In Deinem, wie ich finde, schlimmen Fall will ich Dir mal etwas erzählen:
Alkoholismus hat in meiner Familie eine lange Tradition. Meine Oma soff, meine beiden Onkel (Söhne der saufenden Oma) soffen ebenfalls. Der Ältere der Beiden war ganz offensichtlich Alkoholiker, sein erster Akt, wenn er mal aus seinem knapp 300 km entfernten Wohnort zu Besuch kam, war die Schnapsbar zu öffnen und sich ungeniert zu bedienen. Als mein Vater (der einzige der Brüder, der keine Zeichen von Alkoholabhänigkeit zeigt) dieses Verhalten ansprach, ging mein Onkel eben plötzlich immer sein Auto tanken...das dauerte 15 Minuten, danach hatte er ne ordentliche Fahne. Der jüngere Onkel (mein Lieblingsonkel) hatte Probleme im Beruf...immer wieder wurde er von einer Referendarstelle zur anderen geschoben, ohne fest übernommen zu werden. Im Nachhinein betrachtet hat dies sein Selbstvertrauen offenbar ziemlich kaputtgemacht. Er hatte gewaltig zugenommen, war aber nach wie vor immer nett zu mir, so, wie man sich nen lieben Onkel eben wünscht. Als ich 14 war, kam ich gerade aus einem Auslandsurlaub mit meinen Fußballverein wieder, als man mir sagte, daß man meinen Onkel mit Gelbsucht ins Krankenhaus eingeliefert hatte. Als ich ihn besuchte, sollte ich auf Wunsch meiner Eltern von meinem Urlaub erzählen...ich fand es unheimlich unpassend, weil ich ihm ansah, daß er genau wußte, daß es nicht nur ne einfache Gelbsucht war. Es stand ihm ins Gesicht geschrieben, daß er Todesangst hatte. Die Hoffnung, meine Reiseerzählungen würden ihn aufmuntern, waren natürlich von vorneherein zum Scheitern verurteilt. Er war danach noch trauriger, denn er wußte, er würde sein geliebtes Frankreich nie wiedersehen, nie mehr eines der Loire-Schlößer besuchen können.

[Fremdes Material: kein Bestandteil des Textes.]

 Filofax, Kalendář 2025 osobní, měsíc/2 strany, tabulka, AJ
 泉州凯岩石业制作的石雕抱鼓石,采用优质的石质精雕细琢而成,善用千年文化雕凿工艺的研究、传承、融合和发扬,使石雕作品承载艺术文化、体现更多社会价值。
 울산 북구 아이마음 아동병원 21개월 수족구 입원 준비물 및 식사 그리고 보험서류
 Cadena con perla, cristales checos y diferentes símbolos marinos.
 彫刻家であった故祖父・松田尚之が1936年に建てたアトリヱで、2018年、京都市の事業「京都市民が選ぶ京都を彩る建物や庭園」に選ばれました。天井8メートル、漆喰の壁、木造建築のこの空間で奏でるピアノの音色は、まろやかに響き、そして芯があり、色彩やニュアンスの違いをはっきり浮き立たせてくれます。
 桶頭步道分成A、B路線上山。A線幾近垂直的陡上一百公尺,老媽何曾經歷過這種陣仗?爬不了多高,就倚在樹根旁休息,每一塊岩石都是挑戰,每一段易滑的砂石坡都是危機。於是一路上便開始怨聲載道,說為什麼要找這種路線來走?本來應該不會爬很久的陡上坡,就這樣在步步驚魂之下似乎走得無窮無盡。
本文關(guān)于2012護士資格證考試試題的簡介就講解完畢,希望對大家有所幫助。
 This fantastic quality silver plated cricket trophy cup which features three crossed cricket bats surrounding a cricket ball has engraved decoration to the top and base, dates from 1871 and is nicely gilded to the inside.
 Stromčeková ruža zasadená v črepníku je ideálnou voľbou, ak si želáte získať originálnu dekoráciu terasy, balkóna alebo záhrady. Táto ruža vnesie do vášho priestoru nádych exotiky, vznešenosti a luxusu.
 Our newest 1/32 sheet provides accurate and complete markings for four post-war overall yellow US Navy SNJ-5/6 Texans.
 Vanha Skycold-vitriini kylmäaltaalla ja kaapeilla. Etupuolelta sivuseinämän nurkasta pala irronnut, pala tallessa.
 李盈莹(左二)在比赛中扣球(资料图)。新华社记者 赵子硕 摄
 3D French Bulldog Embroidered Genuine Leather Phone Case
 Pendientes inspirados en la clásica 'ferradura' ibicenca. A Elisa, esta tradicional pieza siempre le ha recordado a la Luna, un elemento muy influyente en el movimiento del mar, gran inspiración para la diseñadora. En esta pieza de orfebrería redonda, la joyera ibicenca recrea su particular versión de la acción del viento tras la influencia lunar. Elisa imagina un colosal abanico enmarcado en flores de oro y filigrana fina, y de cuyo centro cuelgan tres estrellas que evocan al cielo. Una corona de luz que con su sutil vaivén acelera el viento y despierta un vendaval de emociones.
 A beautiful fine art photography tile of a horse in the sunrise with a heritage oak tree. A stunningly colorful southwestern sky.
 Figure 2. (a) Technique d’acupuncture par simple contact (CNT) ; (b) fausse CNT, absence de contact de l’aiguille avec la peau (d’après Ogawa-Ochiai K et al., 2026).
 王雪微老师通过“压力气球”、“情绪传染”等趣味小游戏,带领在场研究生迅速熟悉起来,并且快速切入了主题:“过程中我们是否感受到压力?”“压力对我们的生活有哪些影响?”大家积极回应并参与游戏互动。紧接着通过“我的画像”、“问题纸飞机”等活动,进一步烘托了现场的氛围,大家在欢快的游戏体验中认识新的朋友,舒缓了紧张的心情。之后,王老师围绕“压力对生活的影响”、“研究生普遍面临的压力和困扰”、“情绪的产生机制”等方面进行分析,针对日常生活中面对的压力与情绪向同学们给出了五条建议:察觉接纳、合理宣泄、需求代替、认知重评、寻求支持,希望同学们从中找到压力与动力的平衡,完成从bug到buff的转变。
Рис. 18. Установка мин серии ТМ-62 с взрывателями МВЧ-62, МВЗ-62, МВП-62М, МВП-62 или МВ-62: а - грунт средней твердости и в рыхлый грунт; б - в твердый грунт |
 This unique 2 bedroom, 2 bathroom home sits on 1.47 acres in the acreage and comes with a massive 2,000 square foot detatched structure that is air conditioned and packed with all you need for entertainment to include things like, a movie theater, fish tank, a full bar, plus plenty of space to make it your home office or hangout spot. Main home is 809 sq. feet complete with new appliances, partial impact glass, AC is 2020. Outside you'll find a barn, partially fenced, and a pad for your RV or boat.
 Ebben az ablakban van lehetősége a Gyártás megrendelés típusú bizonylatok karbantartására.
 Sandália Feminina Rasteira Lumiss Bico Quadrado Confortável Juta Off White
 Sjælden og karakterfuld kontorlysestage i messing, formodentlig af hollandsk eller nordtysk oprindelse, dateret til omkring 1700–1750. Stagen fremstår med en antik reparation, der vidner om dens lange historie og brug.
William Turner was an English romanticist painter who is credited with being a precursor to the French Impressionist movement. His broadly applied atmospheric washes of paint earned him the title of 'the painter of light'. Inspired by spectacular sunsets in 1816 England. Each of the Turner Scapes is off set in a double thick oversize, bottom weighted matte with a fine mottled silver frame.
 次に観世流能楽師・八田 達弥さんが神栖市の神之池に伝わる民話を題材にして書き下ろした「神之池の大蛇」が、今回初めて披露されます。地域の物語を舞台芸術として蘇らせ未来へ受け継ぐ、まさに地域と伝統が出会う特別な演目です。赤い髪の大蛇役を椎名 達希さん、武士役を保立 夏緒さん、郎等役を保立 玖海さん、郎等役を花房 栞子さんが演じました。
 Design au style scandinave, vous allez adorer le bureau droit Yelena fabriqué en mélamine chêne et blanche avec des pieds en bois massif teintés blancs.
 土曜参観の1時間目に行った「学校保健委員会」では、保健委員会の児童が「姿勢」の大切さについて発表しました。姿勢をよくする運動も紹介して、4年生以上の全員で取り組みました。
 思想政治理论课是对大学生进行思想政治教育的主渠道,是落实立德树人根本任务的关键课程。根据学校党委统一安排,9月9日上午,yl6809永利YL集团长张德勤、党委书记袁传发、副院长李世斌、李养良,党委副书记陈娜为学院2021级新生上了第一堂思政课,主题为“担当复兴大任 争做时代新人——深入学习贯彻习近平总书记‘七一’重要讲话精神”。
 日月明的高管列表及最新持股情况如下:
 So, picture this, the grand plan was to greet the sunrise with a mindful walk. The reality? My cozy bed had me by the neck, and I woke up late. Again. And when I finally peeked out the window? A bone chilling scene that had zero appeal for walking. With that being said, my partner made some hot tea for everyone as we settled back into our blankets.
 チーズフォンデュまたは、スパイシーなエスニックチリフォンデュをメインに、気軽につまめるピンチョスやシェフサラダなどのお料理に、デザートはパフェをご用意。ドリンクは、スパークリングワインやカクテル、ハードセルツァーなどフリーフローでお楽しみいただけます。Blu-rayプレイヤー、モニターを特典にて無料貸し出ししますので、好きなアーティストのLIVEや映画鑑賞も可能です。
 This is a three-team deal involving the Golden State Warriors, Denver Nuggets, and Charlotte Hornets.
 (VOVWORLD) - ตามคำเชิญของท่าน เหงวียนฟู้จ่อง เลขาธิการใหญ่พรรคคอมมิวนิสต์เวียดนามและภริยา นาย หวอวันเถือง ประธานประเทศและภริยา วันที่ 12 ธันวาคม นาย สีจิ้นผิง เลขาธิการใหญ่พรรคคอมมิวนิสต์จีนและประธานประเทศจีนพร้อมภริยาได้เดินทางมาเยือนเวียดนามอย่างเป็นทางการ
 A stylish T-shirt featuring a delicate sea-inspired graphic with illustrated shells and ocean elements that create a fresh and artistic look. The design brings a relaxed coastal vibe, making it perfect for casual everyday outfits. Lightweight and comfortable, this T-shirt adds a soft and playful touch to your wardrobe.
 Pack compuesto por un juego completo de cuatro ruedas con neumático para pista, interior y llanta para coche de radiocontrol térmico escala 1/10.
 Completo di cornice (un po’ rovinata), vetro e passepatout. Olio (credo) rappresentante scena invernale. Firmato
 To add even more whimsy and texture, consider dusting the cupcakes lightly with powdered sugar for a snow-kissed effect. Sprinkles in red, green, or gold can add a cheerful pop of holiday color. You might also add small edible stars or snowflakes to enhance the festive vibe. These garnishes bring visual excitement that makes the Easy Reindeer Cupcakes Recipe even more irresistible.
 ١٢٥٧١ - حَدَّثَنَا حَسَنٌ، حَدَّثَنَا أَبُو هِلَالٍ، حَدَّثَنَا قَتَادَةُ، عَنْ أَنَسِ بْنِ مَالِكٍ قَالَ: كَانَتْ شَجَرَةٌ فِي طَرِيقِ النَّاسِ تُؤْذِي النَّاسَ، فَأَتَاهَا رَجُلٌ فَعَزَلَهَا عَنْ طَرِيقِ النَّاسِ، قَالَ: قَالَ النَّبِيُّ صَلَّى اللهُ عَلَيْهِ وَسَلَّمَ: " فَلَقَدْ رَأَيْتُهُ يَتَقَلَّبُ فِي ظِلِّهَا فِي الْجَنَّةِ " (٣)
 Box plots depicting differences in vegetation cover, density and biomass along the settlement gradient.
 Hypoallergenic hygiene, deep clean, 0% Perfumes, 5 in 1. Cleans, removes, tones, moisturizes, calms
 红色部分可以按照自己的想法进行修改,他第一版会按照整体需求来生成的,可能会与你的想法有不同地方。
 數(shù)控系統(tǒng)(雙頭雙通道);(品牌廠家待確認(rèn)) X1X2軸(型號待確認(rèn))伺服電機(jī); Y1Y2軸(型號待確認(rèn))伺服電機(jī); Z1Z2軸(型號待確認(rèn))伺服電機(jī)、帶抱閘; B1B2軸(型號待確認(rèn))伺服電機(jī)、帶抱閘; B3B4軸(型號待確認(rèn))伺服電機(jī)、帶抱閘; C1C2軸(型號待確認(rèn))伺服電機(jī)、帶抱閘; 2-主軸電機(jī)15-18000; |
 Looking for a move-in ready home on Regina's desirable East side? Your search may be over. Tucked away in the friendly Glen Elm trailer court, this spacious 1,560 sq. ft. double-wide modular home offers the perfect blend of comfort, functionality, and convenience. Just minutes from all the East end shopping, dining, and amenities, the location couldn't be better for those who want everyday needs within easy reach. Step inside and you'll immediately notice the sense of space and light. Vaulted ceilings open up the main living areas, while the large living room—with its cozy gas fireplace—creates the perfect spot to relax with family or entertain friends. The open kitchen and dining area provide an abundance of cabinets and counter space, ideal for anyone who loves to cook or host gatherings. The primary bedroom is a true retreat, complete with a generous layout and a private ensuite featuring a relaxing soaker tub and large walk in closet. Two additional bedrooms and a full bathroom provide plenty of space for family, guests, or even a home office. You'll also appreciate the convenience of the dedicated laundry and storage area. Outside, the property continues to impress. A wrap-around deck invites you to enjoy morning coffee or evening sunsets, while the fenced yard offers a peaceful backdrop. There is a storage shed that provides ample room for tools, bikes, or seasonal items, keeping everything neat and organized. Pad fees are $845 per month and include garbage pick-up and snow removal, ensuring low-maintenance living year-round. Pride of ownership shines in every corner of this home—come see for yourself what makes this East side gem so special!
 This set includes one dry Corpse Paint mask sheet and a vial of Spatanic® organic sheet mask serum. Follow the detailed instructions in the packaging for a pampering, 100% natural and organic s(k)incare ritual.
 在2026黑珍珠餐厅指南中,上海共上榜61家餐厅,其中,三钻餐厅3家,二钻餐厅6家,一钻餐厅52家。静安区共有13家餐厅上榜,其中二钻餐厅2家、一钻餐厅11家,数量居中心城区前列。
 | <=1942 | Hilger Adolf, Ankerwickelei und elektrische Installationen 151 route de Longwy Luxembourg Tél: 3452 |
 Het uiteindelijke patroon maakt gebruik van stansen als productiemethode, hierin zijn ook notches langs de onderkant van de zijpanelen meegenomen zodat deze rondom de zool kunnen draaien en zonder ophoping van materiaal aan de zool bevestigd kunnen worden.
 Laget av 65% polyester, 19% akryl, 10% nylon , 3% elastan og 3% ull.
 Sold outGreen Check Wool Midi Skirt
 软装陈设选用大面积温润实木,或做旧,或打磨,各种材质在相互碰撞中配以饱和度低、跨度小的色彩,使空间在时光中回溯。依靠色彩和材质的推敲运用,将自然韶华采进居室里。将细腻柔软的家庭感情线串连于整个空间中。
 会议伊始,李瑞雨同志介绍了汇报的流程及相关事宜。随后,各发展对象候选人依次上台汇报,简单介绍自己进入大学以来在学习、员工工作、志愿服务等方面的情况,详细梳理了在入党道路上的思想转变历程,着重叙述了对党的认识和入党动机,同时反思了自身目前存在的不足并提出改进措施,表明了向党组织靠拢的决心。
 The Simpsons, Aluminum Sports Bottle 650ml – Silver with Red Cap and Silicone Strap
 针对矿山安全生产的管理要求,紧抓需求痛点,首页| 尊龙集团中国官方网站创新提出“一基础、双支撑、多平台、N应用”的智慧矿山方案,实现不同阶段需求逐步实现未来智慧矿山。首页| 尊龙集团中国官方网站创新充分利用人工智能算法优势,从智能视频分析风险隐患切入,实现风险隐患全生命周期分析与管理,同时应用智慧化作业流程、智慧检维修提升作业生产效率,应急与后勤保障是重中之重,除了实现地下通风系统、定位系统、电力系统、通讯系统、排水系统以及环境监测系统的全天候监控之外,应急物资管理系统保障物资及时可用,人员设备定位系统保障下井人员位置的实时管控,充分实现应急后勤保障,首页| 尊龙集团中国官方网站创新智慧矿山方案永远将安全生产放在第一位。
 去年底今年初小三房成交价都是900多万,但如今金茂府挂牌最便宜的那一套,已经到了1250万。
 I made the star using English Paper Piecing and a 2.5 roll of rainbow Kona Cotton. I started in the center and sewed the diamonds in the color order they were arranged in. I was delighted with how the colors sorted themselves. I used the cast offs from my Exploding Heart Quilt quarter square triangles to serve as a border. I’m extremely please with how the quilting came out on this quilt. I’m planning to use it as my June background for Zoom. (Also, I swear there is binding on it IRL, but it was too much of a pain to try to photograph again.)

Zwei Wochen später hat die Dialyse nicht mehr angeschlagen und mein Onkel starb im Alter von 30 Jahren. Nie wieder hat mich der Tod eines Menschen so bewegt wie seiner...ich fand es unfair, daß so ein lieber Mensch so früh gehen mußte und ich hasste Gott dafür.
Einer seiner letzten Einträge in sein Tagebuch kurz vor seinem Tod lautete:
Bin ins Krankenhaus eingeliefert worden mit Gelbsucht..........Alkohol ?
Ich weiß, daß er es in den letzten Tagen realisiert hat, daß es der Alkohol war, der ihm das Leben genommen hat. Aber noch wenige Wochen, Tage vorher war er nicht bereit, seine Krankheit anzuerkennen, sich selbst klarzumachen, daß er Alkoholiker ist.
Als meine Eltern seine Wohnung ausgeräumt hatten, wurden hinter der Wohnzimmercouch ungefähr 20 Flaschen Wein gefunden. Er hat sich nicht einmal die Mühe gemacht, die Flaschen zu verräumen.
Ich weiß, daß mein Vater meinen Onkel immer und immer wieder auf seinen Alkoholmißbrauch angesprochen hat...ich habe erst sehr viel später realisiert, warum mein Vater sich mit unserem lieben Onkel so oft gestritten hat (was ich damals als Kind unfair fand und meinem Vater übel anlastete)...er wollte ihn von seiner Sucht losbringen und hat es nicht geschafft.
Was ich Dir damit eigentlich sagen will:
Man hat wirklich keine Chance, den Alkoholiker zu bekehren, zu ändern, ihm zu helfen. Mein Vater konnte seinen Bruder nicht retten, Du kannst Deinen Vater nicht retten, obwohl ihr Beide alles versucht habt.
Du darfst auf keinen Fall den Fehler machen und Dich jetzt schuldig fühlen. Akzeptiere seine Krankheit und versuche, die Zeit, die Euch noch bleibt, sinnvoll und liebevoll zu nutzen. Das ist das Einzige, was Dir bleibt.